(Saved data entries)
=== Section Start ===

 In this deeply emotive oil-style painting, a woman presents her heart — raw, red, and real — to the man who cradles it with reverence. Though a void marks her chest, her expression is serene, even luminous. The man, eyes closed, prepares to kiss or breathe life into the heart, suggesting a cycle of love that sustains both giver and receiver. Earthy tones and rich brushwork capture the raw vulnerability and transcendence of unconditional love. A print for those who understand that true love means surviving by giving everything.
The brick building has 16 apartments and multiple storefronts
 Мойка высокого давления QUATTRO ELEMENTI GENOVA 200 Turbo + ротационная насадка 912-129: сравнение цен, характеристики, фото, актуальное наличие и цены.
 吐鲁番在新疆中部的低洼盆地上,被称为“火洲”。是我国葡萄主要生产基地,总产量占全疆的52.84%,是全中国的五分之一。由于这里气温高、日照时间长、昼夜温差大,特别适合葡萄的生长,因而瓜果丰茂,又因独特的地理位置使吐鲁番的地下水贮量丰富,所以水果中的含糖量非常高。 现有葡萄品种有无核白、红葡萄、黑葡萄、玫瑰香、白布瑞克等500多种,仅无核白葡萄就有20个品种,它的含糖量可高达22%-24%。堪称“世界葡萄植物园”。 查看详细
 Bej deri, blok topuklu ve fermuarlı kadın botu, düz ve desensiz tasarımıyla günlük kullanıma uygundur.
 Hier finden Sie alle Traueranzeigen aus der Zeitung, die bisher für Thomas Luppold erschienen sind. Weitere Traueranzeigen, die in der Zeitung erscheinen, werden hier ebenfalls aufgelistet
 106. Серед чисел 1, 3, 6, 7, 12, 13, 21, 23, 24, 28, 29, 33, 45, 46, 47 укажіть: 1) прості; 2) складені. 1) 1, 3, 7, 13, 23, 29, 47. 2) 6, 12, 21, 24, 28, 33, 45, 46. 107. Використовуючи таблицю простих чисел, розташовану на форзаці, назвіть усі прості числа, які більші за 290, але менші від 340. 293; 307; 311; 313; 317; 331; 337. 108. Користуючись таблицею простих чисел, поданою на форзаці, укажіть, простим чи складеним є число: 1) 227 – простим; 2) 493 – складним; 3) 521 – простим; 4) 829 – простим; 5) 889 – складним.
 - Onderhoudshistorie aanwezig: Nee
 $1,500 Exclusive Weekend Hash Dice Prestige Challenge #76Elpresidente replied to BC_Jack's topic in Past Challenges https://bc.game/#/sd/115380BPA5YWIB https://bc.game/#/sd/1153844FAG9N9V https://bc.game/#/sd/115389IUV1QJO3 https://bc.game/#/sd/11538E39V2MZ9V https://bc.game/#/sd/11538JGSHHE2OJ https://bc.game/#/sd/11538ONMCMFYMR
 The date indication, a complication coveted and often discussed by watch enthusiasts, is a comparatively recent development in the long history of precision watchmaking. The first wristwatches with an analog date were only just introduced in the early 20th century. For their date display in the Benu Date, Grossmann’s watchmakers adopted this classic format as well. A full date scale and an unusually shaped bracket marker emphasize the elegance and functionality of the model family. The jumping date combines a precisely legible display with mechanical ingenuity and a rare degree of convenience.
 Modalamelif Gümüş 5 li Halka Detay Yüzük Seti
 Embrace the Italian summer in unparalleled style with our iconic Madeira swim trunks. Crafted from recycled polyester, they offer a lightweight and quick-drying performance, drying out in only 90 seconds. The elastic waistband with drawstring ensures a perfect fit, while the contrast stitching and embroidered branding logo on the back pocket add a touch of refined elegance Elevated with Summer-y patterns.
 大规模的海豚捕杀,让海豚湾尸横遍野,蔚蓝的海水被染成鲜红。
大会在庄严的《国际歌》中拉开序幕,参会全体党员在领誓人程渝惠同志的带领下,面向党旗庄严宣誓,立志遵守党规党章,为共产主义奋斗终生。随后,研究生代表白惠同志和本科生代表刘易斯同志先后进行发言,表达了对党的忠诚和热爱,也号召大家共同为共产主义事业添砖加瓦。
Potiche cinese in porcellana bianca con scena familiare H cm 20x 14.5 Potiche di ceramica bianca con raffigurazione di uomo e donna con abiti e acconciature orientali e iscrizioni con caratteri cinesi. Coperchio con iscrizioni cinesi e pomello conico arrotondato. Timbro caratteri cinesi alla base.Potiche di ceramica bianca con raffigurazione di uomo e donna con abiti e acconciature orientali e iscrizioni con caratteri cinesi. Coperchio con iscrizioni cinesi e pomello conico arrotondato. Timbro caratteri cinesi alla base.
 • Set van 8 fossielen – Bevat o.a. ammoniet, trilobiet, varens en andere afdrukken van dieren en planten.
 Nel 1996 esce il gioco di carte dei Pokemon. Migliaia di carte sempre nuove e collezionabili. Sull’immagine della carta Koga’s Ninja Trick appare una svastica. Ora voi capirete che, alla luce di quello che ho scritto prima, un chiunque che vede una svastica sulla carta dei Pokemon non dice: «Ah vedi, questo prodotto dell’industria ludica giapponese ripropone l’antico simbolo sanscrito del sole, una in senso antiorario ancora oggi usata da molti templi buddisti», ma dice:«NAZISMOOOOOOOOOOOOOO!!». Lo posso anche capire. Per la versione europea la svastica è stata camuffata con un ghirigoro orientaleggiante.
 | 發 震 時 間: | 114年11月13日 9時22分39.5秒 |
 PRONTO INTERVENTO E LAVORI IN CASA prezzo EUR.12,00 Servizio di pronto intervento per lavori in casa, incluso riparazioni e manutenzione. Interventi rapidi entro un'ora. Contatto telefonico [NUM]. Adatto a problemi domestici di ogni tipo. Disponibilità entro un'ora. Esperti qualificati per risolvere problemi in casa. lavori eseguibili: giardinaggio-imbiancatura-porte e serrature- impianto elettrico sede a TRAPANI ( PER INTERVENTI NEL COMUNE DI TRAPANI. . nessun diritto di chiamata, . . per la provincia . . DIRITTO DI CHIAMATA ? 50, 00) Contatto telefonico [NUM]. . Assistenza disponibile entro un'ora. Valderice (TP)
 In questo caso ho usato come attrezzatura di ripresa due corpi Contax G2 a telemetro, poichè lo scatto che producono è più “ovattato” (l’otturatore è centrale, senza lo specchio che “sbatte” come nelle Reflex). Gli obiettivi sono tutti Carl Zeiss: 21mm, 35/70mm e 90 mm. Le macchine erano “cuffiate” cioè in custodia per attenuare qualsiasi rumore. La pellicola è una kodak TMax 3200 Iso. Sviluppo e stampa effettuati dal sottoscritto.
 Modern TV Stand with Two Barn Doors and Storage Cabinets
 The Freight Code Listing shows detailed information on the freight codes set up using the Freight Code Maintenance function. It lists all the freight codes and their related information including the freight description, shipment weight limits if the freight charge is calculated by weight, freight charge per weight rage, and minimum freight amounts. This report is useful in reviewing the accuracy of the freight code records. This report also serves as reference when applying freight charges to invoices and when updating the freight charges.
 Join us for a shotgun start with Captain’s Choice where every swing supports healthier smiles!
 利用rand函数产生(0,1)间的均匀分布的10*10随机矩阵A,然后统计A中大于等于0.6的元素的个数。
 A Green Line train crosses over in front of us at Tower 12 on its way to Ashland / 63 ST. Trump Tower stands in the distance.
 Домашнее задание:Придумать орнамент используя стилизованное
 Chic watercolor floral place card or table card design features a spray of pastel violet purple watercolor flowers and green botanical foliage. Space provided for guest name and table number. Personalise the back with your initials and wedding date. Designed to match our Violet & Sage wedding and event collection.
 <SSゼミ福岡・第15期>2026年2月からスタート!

=== Section End ===

§ Your instructions: I need every line of the data that has the word "back"; please list them.

§ Answer to this task:
 Embrace the Italian summer in unparalleled style with our iconic Madeira swim trunks. Crafted from recycled polyester, they offer a lightweight and quick-drying performance, drying out in only 90 seconds. The elastic waistband with drawstring ensures a perfect fit, while the contrast stitching and embroidered branding logo on the back pocket add a touch of refined elegance Elevated with Summer-y patterns.
 Chic watercolor floral place card or table card design features a spray of pastel violet purple watercolor flowers and green botanical foliage. Space provided for guest name and table number. Personalise the back with your initials and wedding date. Designed to match our Violet & Sage wedding and event collection.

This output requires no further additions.